The same day Tessa moved up the ladder in her lobbying efforts in contacting the RCMP and the Fraser Cascade School district to see what action could be taken.

Within 24 hours her efforts were rewarded with the arrival at the school of Hope’s bylaw enforcement officer, Jim Griffiths, just in time for the dismissal bell last Thursday.

But even with his massive white bylaw enforcement truck, its bright light bar blazing, parked right in the middle of the yellow-lined no-go zone, vehicle after vehicle pulled up right in front of him or right behind him. The oblivious occupants then hopped out of their vehicles and headed into the primary school.

Between running from vehicle to vehicle, with ticket book in hand, Griffiths told the Hope Standard that patrols of the no parking zones will continue into the future. The warning tickets he was giving out, however, will stop.

“In the future, I will just drive up, take a picture with my trusty camera, go back to the office, run the registered owner and mail out a ticket,” said Griffiths. And a ticket under the District of Hope traffic bylaw for parking at a yellow-painted curb will run you $50.

“It is about the safety of the kids,” says Griffiths, pointing out that if someone parks in the no-parking zone which runs along the entire length of the school, any young child that darts out onto the street, even in the crosswalk, can not been seen by a driver until it is too late.

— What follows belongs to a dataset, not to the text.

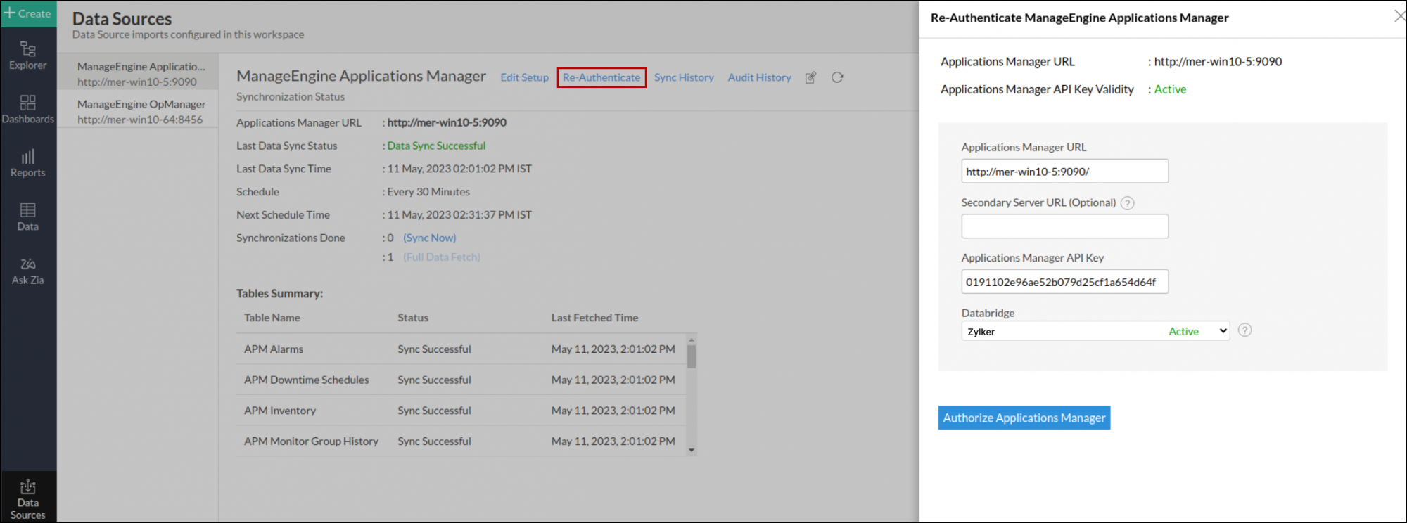 The synchronization of your Applications Manager data can sometimes fail, due to a variety of reasons. To resolve this, click the Data Sources option from the side panel and click the Re-Authenticate link. In the popup that appears, click Authorize Applications Manager. Verify the Applications Manager URL, enter the regenerated API key, select the required ManageEngine Databridge from the Databridge drop-down, and click the Authorize Applications Manager button.

School district treasurer, Natalie Lowe-Zucchet, has also been working with Tessa to find some other solutions. And yet a second one comes from the District of Hope with the promise of larger, brighter pedestrian crossing signs.

The school district, the Coquihalla Parents Advisory Committee, as well as the school principal, are also looking into the possibility of setting up a volunteer crossing guard program.